Dennis Stevens is a New York City-based visual artist, researcher, educator and media technologist. He has a Doctor of Education (Ed.D.) degree in Art and Art Education from Teachers College, Columbia University; a Master of Arts (M.A.) Degree in Instructional Technology from the Connie L. Lurie College of Education at San Jose State University and an undergraduate Bachelor of Fine Arts (B.F.A.) degree from the College of Architecture, Arts and Humanities at Clemson University. Before going to college, Dennis served as a Gunner’s Mate in the U.S. Coast Guard. He was born and raised in Spartanburg, South Carolina.
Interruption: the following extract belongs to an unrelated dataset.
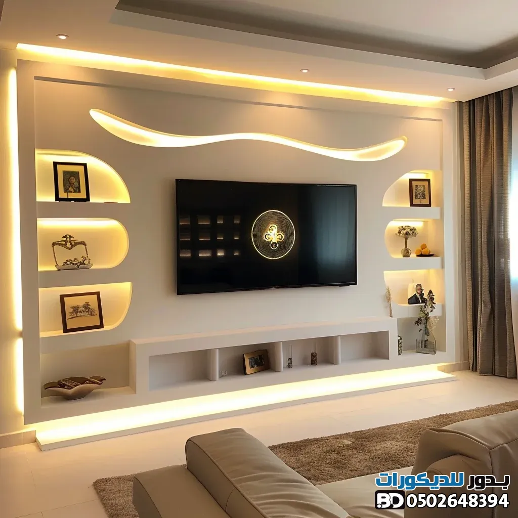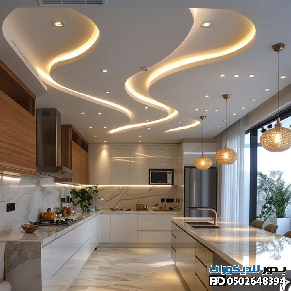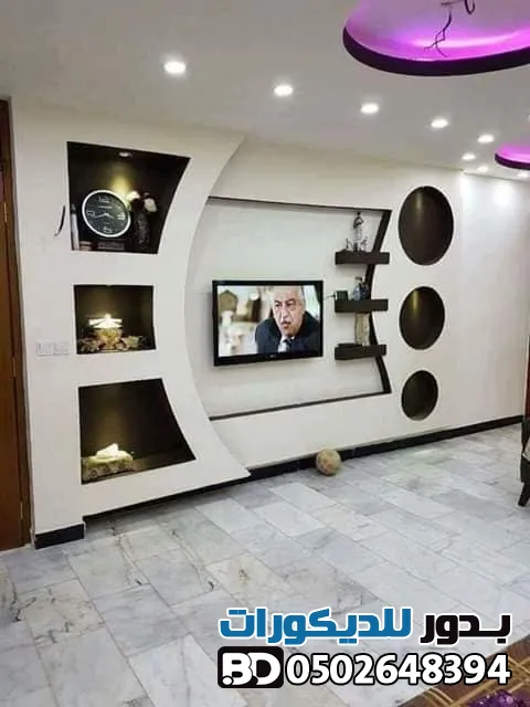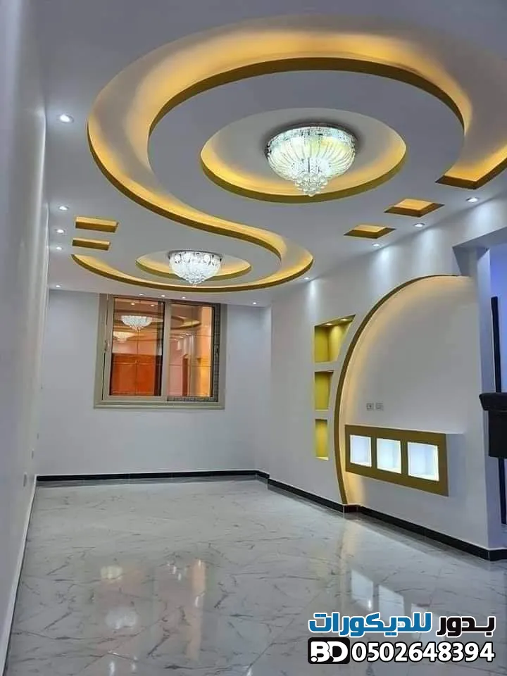 - دمج المواد: حاول دمج الجبس بورد مع الخشب أو بديل الرخام لإضافة لمسة فنية فريدة.

Dennis’ dissertation, titled The Aesthetics of the American Dream: Experiencing the Visual as Meaning Beyond Truth, offers an interpretive approach to meaning with respect to American political opinion and explores American intellectual history as a historical anthropology of ideas. His research trajectory is set within the interdisciplinary context of human affairs and he is interested in how the visual, the literary and the musical can animate understanding with respect to the historical, the anthropological and the psychological.
MoreDennis is currently developing a branded, video content stream for the web which will offer a new form of deliberative journalism through public affairs programming to an American audience. This research agenda, which is an outgrowth of his dissertation, involves an engagement with the changing technological landscape for streaming video that is offering new opportunities for audience engagement via social media applications, smart TV platforms and digital media receivers.
Dennis has taught as an adjunct professor within the Art Department at Queens College and as an instructor within the Art and Art Education program at Teachers College, Columbia University.
He has written extensively about the social construction of knowledge within studio craft movement as well as about the emergence of D.I.Y./indie craft. Since 1998, he has been producing videos and exploring various forms of multimedia as an independent producer relevant to his interests and expertise in studio craft. From 2004 to 2008, he wrote about the various fields of craft on a blog called Redefining Craft.
In 2006, Dennis moved to New York to pursue his doctoral work and prior to that, he worked for three years and a half years as the ceramics and glass technician for the School of Art and Design at San Jose State University (SJSU). He has also founded two gallery/studio businesses; one in Berkeley, CA and one in Conway, SC. As an undergraduate art major, he attended both Ringling College of Art and Design and Clemson University.
While on active duty as a Gunner’s Mate in the U.S. Coast Guard, he worked as a military police officer, maintained weapons systems, taught people how to handle firearms and helped conduct drug interdiction operations, fisheries patrols and illegal migrant repatriations. He was honorably discharged from the Coast Guard as Second-Class Petty Officer (E-5).